Schematic diagram of the Causal Testing Framework — **Figure:** Pictorial representation of the Causal DAG in this example.

digraph CausalDAG {
  n_people -> n_infected_t5
  environment -> n_infected_t5
  n_people -> environment
  n_infected_t0 -> n_infected_t5
  environment -> precaution
  precaution -> n_infected_t5
}

3. Causal Test Cases

We then define a number of causal test cases to apply to the scenario-under-test. For example, supposing we expect mask wearing and hand washing to have a preventative effect:

mask_wearing_test = (X={precaution = None}, \Delta = {precaution = Mask}, Y = {-20% < n_infected_t5 < -10% }) (Mask wearing is expected to result in between 10% and 20% fewer infections).
hand_washing_test = (X={precaution = None}, \Delta = {precaution = Hand Washing}, Y = {-40% < n_infected_t5 < -25%}) (Hand washing is expected to result in between 25% and 40% fewer infections).

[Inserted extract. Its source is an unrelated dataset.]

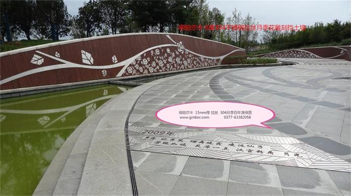 明鉑爾?不銹鋼月季園主入口大門304不銹鋼10毫米厚欄桿,6毫米厚水池10塊月季花圖,利用不銹鋼的拉絲紋路反光色差經(jīng)驗(yàn),解決了北京設(shè)計(jì)院林博士要求很難做到的不銹鋼激光雕刻2毫米深度的月季花圖效果,經(jīng)過(guò)我數(shù)10次的大樣,努力,研究終于做出了最佳理想的效果,出乎意料之外的精美,背后多少時(shí)間的付出,不惜一切代價(jià)的努力方能成就精品。1957年至今13塊月季名稱地雕,近200平方擋墻6毫米月季花雕刻圖,這些所有的產(chǎn)品沒處細(xì)節(jié),每一條線都經(jīng)過(guò)CAD在電腦修改檢查再修改再檢查,打樣再修改再細(xì)化的一個(gè)漫長(zhǎng)的圖紙修改過(guò)程最終敲定的方案效果,擋土墻鉚釘內(nèi)陷,我們加焊接整體再拉絲處理,每一處方案都是創(chuàng)最優(yōu)品質(zhì)去展現(xiàn)給南陽(yáng)不銹鋼月季藝術(shù)的高水準(zhǔn),為迎接全國(guó)人民的到來(lái)參觀,憑著高要求做我們最優(yōu)的產(chǎn)品奉獻(xiàn)給南陽(yáng)這片土地…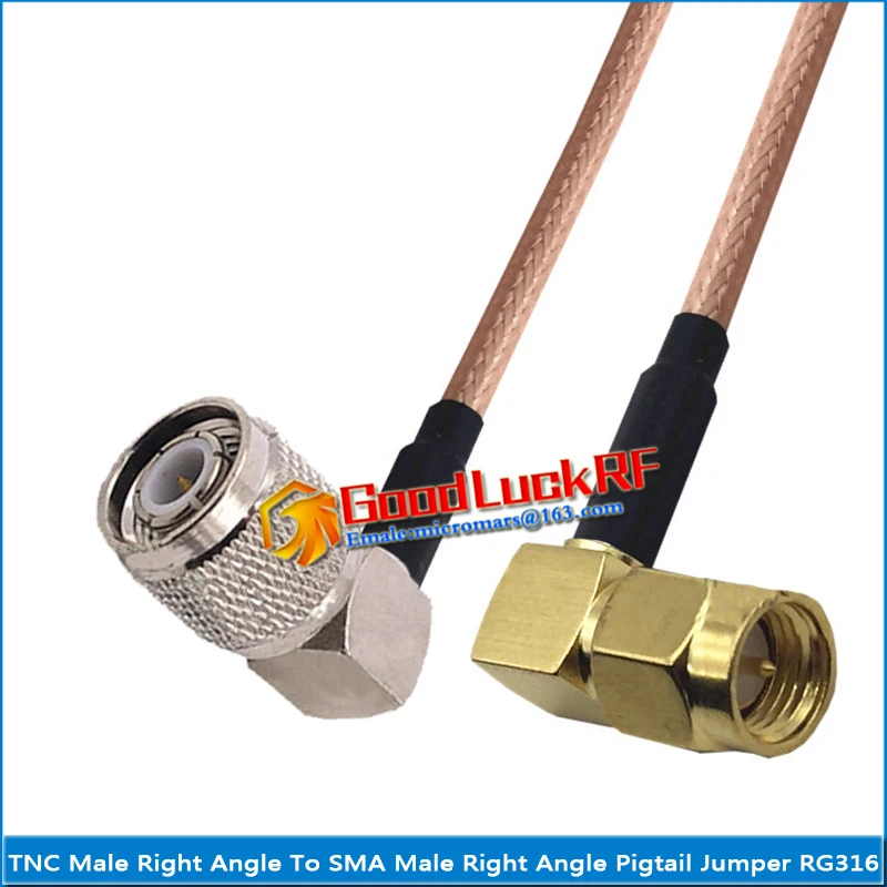 1X Pcs TNC Male Right Angle to SMA Male 90 Degree Right Angle Coaxial Type Pigtail Jumper RG316 Cable SMA to TNC Low Loss

To run these test cases experimentally, we need to execute both X and \Delta(X) - that is, with and without the interventions. Since the only difference between these test cases is the intervention, we can conclude that the observed difference in n_infected_t5 was caused by the interventions. While this is the simplest approach, it can be extremely inefficient at scale, particularly when dealing with complex software such as computational models.
To run these test cases observationally, we need valid observational data for the scenario-under-test. This means we can only use executions with between 20 and 30 people, a square environment of size betwen 20x20 and 40x40, and where a single person was initially infected. In addition, this data must contain executions both with and without the intervention. Next, we need to identify any sources of bias in this data and determine a procedure to counteract them. This is achieved automatically using graphical causal inference techniques that identify a set of variables that can be adjusted to obtain a causal estimate. Finally, for any categorical biasing variables, we need to make sure we have executions corresponding to each category otherwise we have a positivity violation (i.e. missing data). In the worst case, this at least guides the user to an area of the system-under-test that should be executed.

4. Causal Testing

After obtaining suitable test data, we can now apply causal inference. First, as described above, we use our causal graph to identify a set of adjustment variables that mitigate all bias in the data. Next, we use statistical models to adjust for these variables (implementing the statistical procedure necessary to isolate the causal effect) and obtain the desired causal estimate. Depending on the statistical model used, we can also generate 95% confidence intervals (or confidence intervals at any confidence level for that matter).
In our example, the causal DAG tells us it is necessary to adjust for environment in order to obtain the causal effect of precaution on n_infected_t5. Supposing the relationship is linear, we can employ a linear regression model of the form n_infected_t5 ~ p0*precaution + p1*environment to carry out this adjustment. If we use experimental data, only a single environment is used by design and therefore the adjustment has no impact. However, if we use observational data, the environment may vary and therefore this adjustment will look at the causal effect within different environments and then provide a weighted average, which turns out to be the partial coefficient p0.

5. Test Oracle Procedure

After conducting causal inference, all that remains is to ascertain whether the causal effect is expected or not. In our example, this is simply a case of checking whether the causal effect on n_infected_t5 falls within the specified range. However, in the future, we may wish to implement more complex oracles.